Repeat exactly the lines of the records below, starting at the line containing "Blush Marquise Empress" and ending at the line containing "今日のデル男 おまえが 問題を引き起こしてるブサ女であるデル男の". Leave the pictures out.

#### [Data to examine]
=== Section Start ===

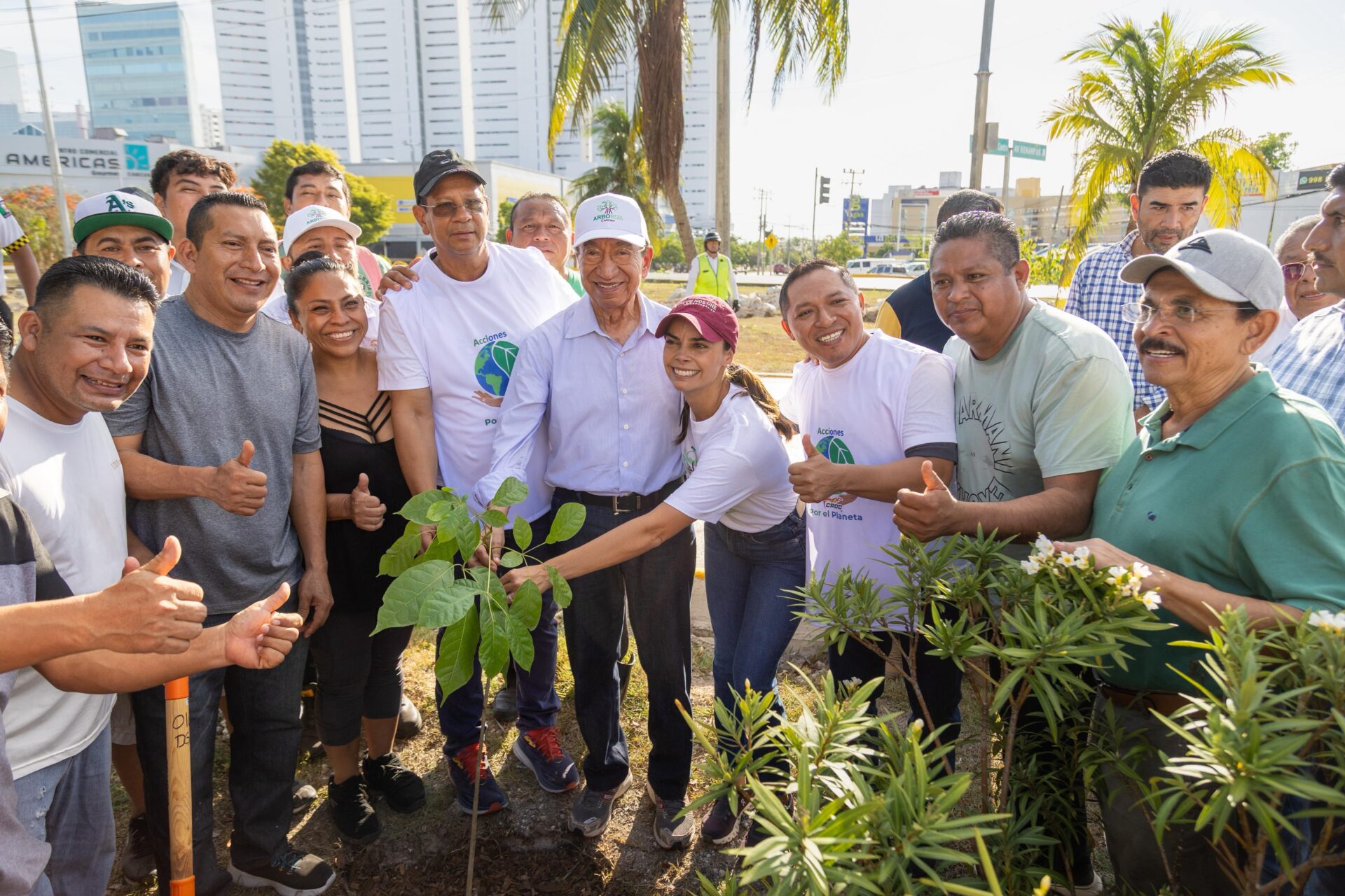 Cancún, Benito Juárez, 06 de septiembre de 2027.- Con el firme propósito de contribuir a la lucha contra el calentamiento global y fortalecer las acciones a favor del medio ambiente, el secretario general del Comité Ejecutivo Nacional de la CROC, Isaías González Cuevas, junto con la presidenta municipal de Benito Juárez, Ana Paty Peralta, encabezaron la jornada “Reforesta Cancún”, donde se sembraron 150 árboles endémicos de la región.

=== Section End ===
=== Section Start ===

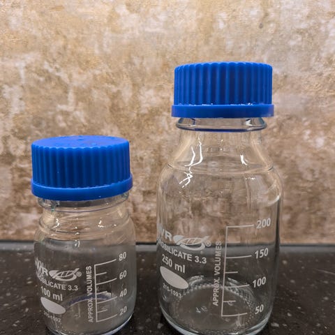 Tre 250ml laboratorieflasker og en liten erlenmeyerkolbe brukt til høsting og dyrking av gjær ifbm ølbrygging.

=== Section End ===
=== Section Start ===

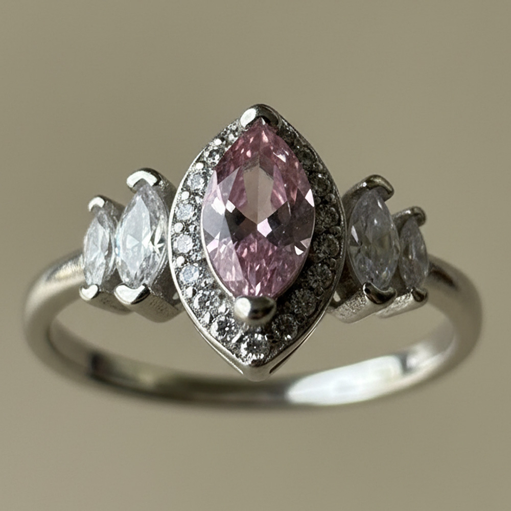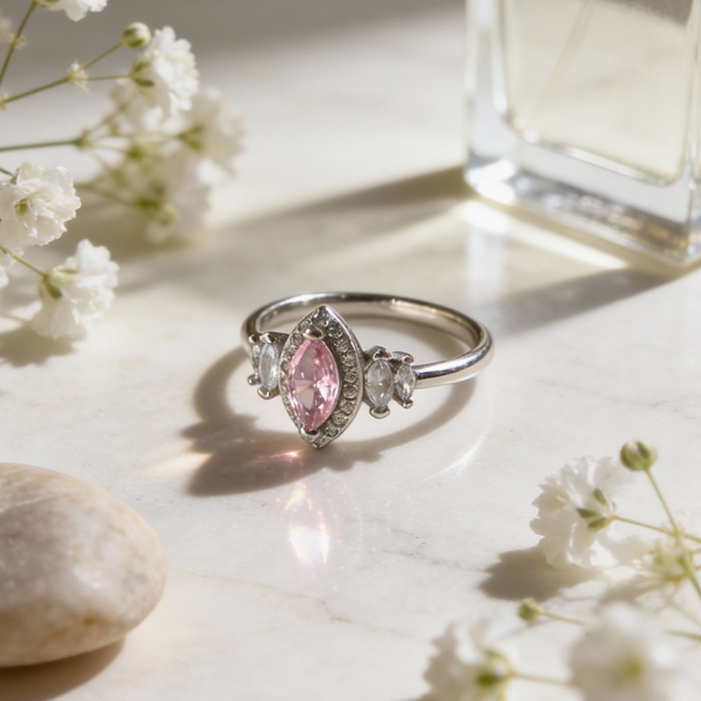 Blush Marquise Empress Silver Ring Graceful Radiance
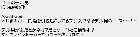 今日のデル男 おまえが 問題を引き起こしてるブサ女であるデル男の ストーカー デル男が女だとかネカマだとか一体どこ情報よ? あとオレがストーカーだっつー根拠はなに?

=== Section End ===

#### [Your response]
 Blush Marquise Empress Silver Ring Graceful Radiance
 今日のデル男 おまえが 問題を引き起こしてるブサ女であるデル男の ストーカー デル男が女だとかネカマだとか一体どこ情報よ? あとオレがストーカーだっつー根拠はなに?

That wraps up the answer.